# EXERCISE REQUIREMENTS
Would you output all the lines below precisely as they stand, leaving each picture out?

── DATA RECORDS ──

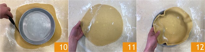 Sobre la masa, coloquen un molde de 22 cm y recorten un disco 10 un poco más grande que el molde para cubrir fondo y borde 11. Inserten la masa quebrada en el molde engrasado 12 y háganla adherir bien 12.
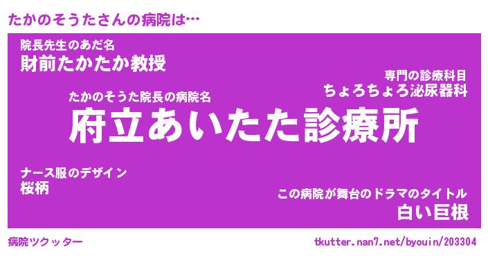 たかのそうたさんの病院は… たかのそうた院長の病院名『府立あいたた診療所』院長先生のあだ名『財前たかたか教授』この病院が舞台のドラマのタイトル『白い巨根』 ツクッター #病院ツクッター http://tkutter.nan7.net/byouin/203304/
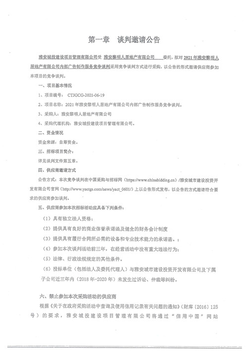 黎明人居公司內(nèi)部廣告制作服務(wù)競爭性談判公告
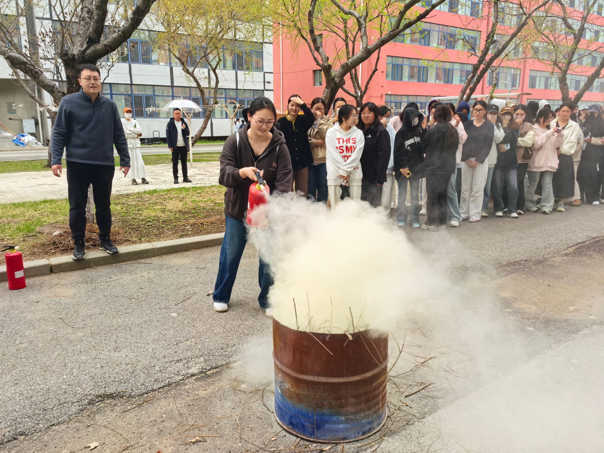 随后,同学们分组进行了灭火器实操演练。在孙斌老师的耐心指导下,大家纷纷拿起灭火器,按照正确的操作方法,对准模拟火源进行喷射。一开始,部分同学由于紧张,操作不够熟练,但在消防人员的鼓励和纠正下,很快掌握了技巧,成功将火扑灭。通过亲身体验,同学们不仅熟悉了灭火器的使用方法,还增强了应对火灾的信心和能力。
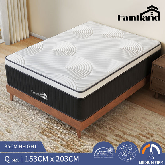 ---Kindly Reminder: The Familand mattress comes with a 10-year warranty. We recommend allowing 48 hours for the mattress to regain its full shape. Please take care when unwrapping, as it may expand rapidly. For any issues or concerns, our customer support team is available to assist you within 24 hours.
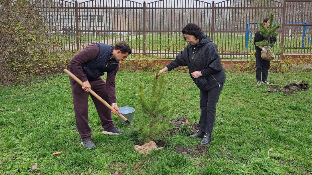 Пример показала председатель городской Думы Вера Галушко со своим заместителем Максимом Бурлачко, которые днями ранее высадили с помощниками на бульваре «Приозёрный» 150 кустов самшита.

───

# RESPONSE AREA
 Sobre la masa, coloquen un molde de 22 cm y recorten un disco 10 un poco más grande que el molde para cubrir fondo y borde 11. Inserten la masa quebrada en el molde engrasado 12 y háganla adherir bien 12.
 たかのそうたさんの病院は… たかのそうた院長の病院名『府立あいたた診療所』院長先生のあだ名『財前たかたか教授』この病院が舞台のドラマのタイトル『白い巨根』 ツクッター #病院ツクッター http://tkutter.nan7.net/byouin/203304/
 黎明人居公司內(nèi)部廣告制作服務(wù)競爭性談判公告
 随后,同学们分组进行了灭火器实操演练。在孙斌老师的耐心指导下,大家纷纷拿起灭火器,按照正确的操作方法,对准模拟火源进行喷射。一开始,部分同学由于紧张,操作不够熟练,但在消防人员的鼓励和纠正下,很快掌握了技巧,成功将火扑灭。通过亲身体验,同学们不仅熟悉了灭火器的使用方法,还增强了应对火灾的信心和能力。
 ---Kindly Reminder: The Familand mattress comes with a 10-year warranty. We recommend allowing 48 hours for the mattress to regain its full shape. Please take care when unwrapping, as it may expand rapidly. For any issues or concerns, our customer support team is available to assist you within 24 hours.
 Пример показала председатель городской Думы Вера Галушко со своим заместителем Максимом Бурлачко, которые днями ранее высадили с помощниками на бульваре «Приозёрный» 150 кустов самшита.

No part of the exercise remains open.